4. Managing blood sugar levels
Peanut butter is a comparatively low-carbohydrate food that has good amounts of protein and fats and some fiber.
These characteristics infer that peanut butter, with no extra sugar, does not significantly impact blood glucose levels. This means it can be a great option for people with diabetes.
The ADA recommends that individuals replace saturated fats with monounsaturated fats in their diets. They suggest peanuts, peanut butter, and peanut oil as excellent sources of monounsaturated fat.
A brief study in 2013 indicates that eating peanuts or peanut butter for breakfast could help obese women and an increased risk of type 2 diabetes to control their blood glucose levels.
According to the survey, the women who incorporated nuts into their breakfast had lower blood sugar levels and reported less hunger than women who ate a breakfast that has a similar amount of carbohydrates but no nuts.
Peanut butter is an excellent source of magnesium, which is an essential nutrient for diabetes patients. Prolonged periods of high blood sugar may minimize magnesium levels in the body.
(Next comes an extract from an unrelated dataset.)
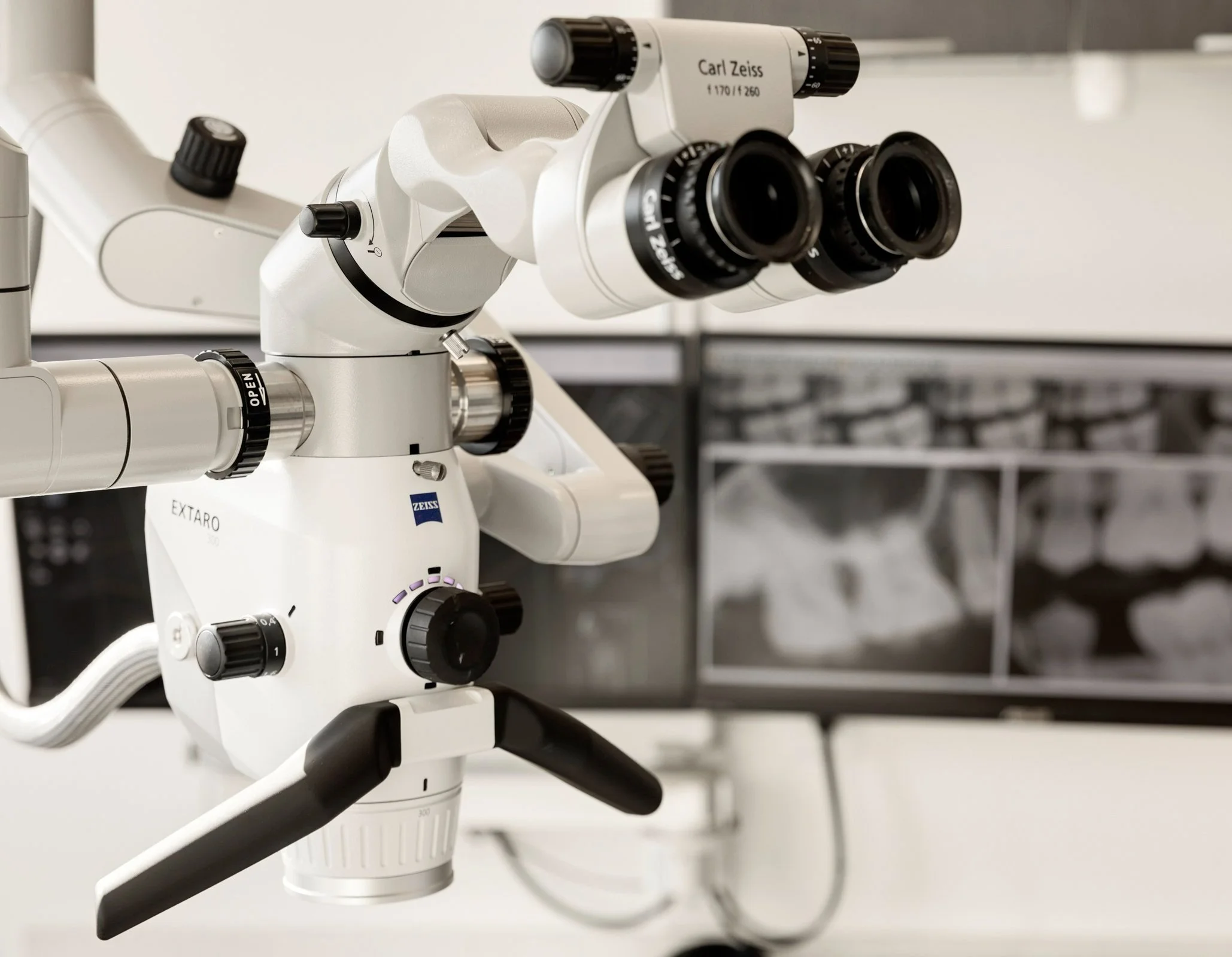 Clinica noastră dispune de cea mai performantă aparatură pentru realizarea unor tratamente endodontice de succes. Tratamentul cel mai corect al canalelor radiculare poate fi realizat doar cu ajutorul microscopului, folosind o magnificație sporită și o iluminare corespunzătoare. Folosirea microscopului în tratamentele de canal a permis rezolvarea multor cazuri foarte dificile, cu un prognostic rezervat.

Low magnesium levels are linked to type 2 diabetes and prediabetes.
5. Minimizing the risk of breast disease
Consuming peanut butter, particularly from a young age, can minimize BBD risk (benign breast disease), which increases the risk of breast cancer.
A study in the journal BCRT (Breast Cancer Research and Treatment) reports that eating nuts and peanut butter at any age may lower the risk of developing benign breast disease by age 30.
The scientists examined the data for over 9,000 schoolgirls in America. Other kinds of pulses, such as soy and beans, and vegetable fats, and other nuts, may also offer BBD protection.
Even people with a family history of breast cancer had a remarkably lower risk of eating peanut butter and these other foods.
Peanut butter can be a healthy option when individuals enjoy it as part of a balanced diet. It is rich in various nutrients, including magnesium and protein, which can help protect the heart and manage body weight and blood sugar.
However, overeating peanut butter can increase an individuals’ daily intake of sodium, saturated fat, and calories. Those who have a peanut allergy should skip peanut butter as it could trigger a potentially fatal reaction.